По счастью (вообще-то счастья как раз и не было, несчастье помогло, но это отдельная история) дом на Пречистенке получил охранную грамоту, подкрепленную крайне весомыми аргументами (в частности, любого, явившегося в дом без ордера, подписанного лично Очень Значительным Большевиком, можно было рассматривать как взятого с поличными врага военного времени и поступать с ним согласно законам военного времени, для этого даже особый закуток в подвальчике отвели. Закутка того жители других домов видеть не видели, но слышать о нем слышали, и если отчаянные головушки, вдруг расплодившиеся даже в самых приличных семействах, не говоря уже о семействах не самых приличных и даже вообще не о семействах, вдруг исчезали бесследно, знающие люди одними губами произносили беззвучно «Закуток», и все становилось ясно. Шпана дом на Пречистенке обходила стороной, а с тех пор, как в конюшне дома поселились Фоб и Дейм, вообще в квартал не совалась, и калоши из подъезда не пропадали. Но ведь приходилось бывать и в других домах, или вот в присутственных местах, и здесь возникала проблема: оставлять ли калоши, как в прежнее, «царское» время внизу, в вестибюле, с большой вероятностью оставить навсегда, или идти в калошах и дальше. Тогда калоши, конечно, сохранялись, но терялся самый смысл калош — предохранять внутренность дома от уличной грязи. Дальнейшее уплотнение жилья само решило проблему, решило диалектически, и теперь у калош основным предназначением стало сберечь обувь хозяина, а уж дома будем от грязи очищать потом, когда белых разгромим и коммунизм построим. Не баре. Но шесть пар калош Арехин-таки потерял. Ну-ну. Когда наступит очередь последней пары, возьмет да и уедет. Париж, Нью-Йорк, дале везде. Но пока калоши еще имелись, да и в последние месяцы как-то пропадать перестали. У других пропадают, а у него нет. Боятся, что пристрелит на месте, из-за калош? Тем более, что его калоши — как новенькие, почти не стоптаны, сверкают. Издалека видны. Такие на свою обувь надевать опасно. Можно, правда, в портфельчик, да домой. А потом на толкучке выменять на что-нибудь. Немножко крупы взять, кашку детям сварить. Дети любят кушать.
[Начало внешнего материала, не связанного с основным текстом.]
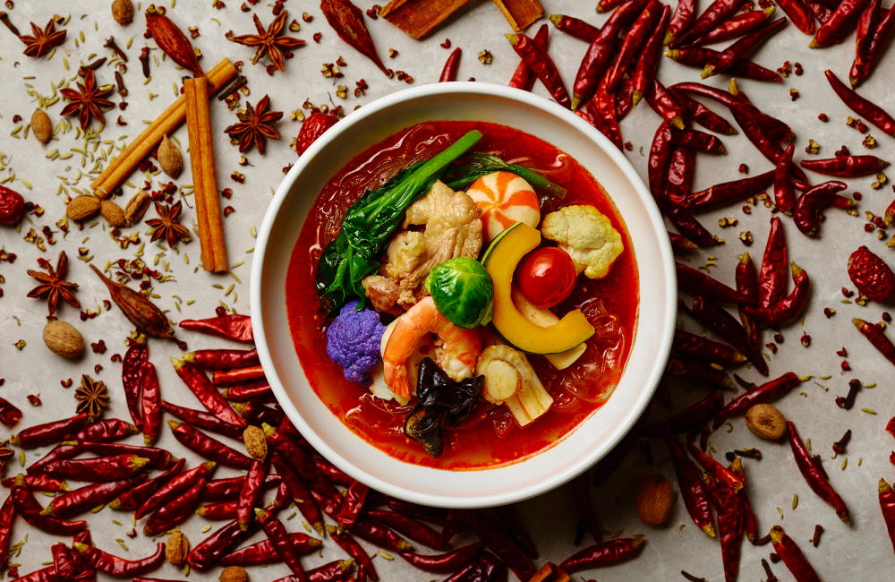 女性に人気のトマトの自然な甘みと旨味をしっかり感じられる辛さや痺れが苦手な方でも楽しめる『麻辣トマトスープ』たっぷりのスパイスや痺れ、旨味を感じさせる辛口派の大人の『麻辣スパイスcurryスープ』花椒のしびれる辛さと黒酢のほどよい酸味を楽しむ、大人のための『麻辣サンラータンスープ』などなど…

Арехин оглянулся. Еще одна странность, помимо калош: после дела о пропавших эшелонах (см. «Дело о пропавших эшелонах») к нему перестали подходить сироты. Наверное, людской телеграф разнес слух, как выловил он одного около вокзала, затащил в экипаж да и отвез в ЧеКа, откуда сирота не вышел до сих пор.
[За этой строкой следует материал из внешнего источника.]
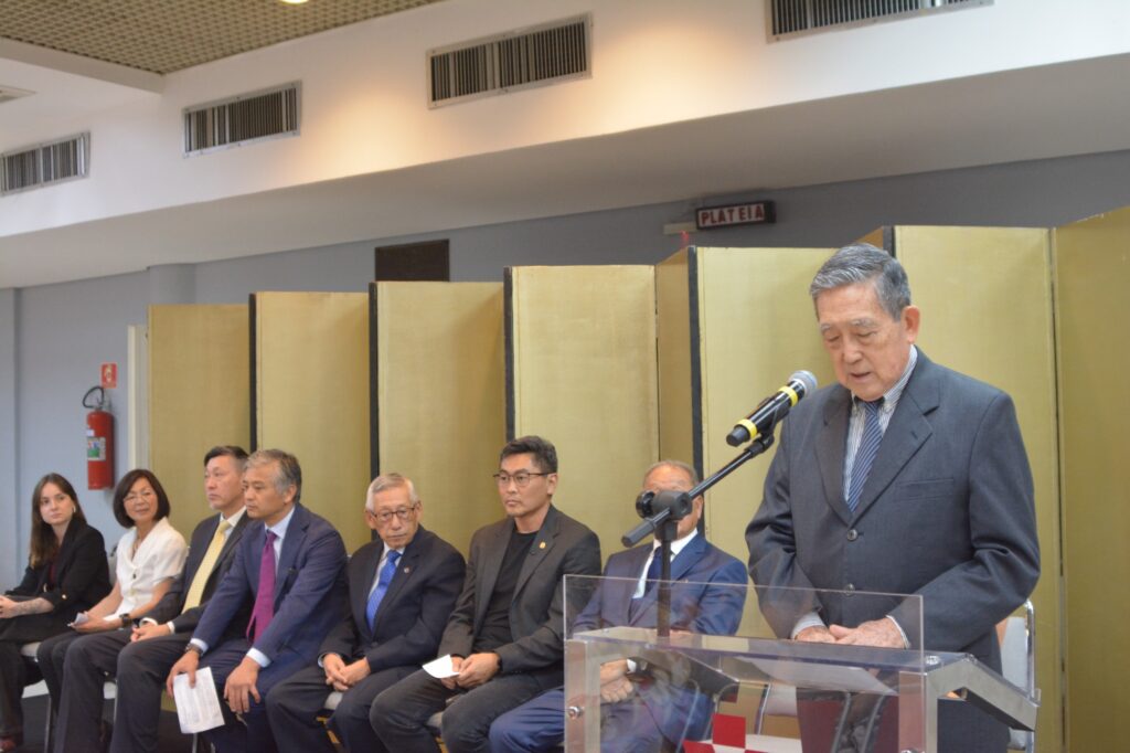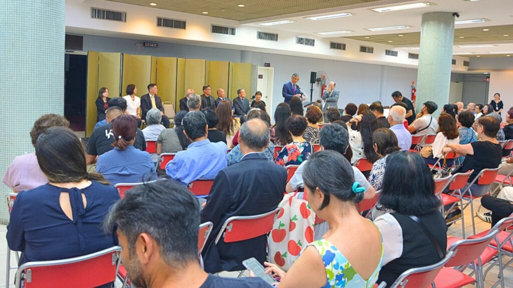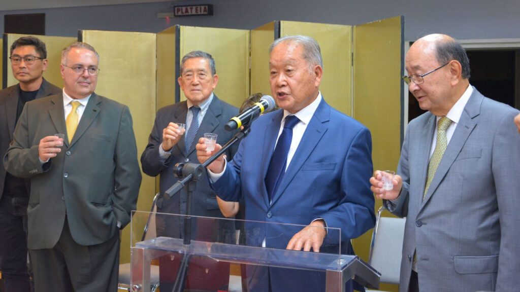 Ao fundo, a saudação do cônsul-geral-adjunto Jiro Takamatsu

И у купеческого домика беспризорников, как для благопристойности звали сирот, тоже не было. А зачем им здесь быть? Служащий котлеткой не поделится, у него на котлетку и так рты дома есть. Деньги? Не смешите меня, гражданин.
Зима унесла до тридцати тысяч сирот по одной Москве, слышал он от одного специалиста. Никто точно не считал, конечно. Кому считать и зачем? Будь зима посуровее и подлиннее, мы бы вообще покончили с беспризорниками, продолжал специалист. А теперь пригреет, и повылазиют они из щелей, где как-то зимовали, или придут с Юга, куда откочевали на зиму. Но это попозже, в апреле, в мае. Дел МУСу прибавится: сироты, сбиваясь в стаи, ничем не уступают взрослым бандам, скорее, наоборот.
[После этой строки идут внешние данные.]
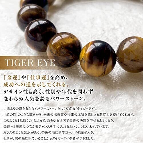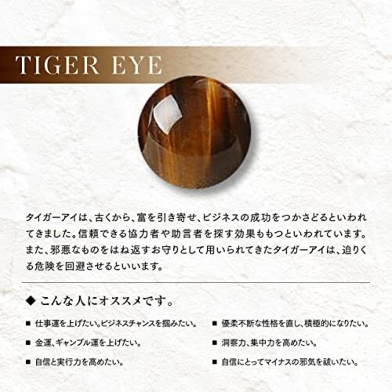 【タイガーアイとは】 古来より金運をもたらすパワーストーンとして有名です。 「虎の目」のような輝きから、未来の出来事や物事の本質を感じとる洞察力を授けてくれます。 このような「見抜く力」によって、あらゆる状況で最良の決断を下せるようになり、金運につながるチャンスを手に入れるようになる、という流れです。 新しく事業を立ち上げるときや、衝動買いや無駄な出費を抑えるなど人生のお金に対する転機に有効な石と言えます。 また、タイガーアイは恐怖心や不安といったネガティブな感情を抑え、揺るぎない心の強さも与えてくれます。 ガラスのような光沢があり、茶色の地に黒やゴールドの線が入り「シャトヤンシー(光線状)」と呼ばれています。 それが、虎の眼に似ていることからタイガーアイの名がつきました。

Вот и погулял, развеялся, заключил Арехин, поднимаясь по ступеням в дом.
Часовых здесь не водилось, зато была баба-вахтерша, виду злого и сварливого, а когда рот открыла, стало ясно — горластая, одним криком с ног собьет.
— Вы куда, гражданин? Здесь женское учреждение!
— А мне как раз в женское и нужно. Товарища Тюнгашеву повидать пришел.
— Эк куда хватил. Высоко, значит, летаешь?
— Высоко ползаю.
— А мандат у тебя есть? Чтобы ее драгоценное время тратить?
— Есть, есть, — но никаких бумажек и пистолетов показывать не стал. Просто улыбнулся, и до вахтерши дошло: это ж не гражданин, а чистый господин из прошлой жизни. И она сама тут же соскользнула в прошлую жизнь, перешла на вы и даже хотела принять пальто, шляпу и калоши.
Шляпой и пальто Арехин рисковать не желал, а калоши, что ж калоши… Станет ближе к Берлину, только и всего.
Вахтерша показала, куда и как идти, да он и сам знал: в лучшую комнату, куда ж еще. А лучшие комнаты в домах, подобных этому, всегда располагались в бельэтаже, в левом крыле, рядом с большой залой, где и балы задавать можно, и бостончик соорудить, и просто вечерами ходить в сознании собственной значимости, величины и неколебимости.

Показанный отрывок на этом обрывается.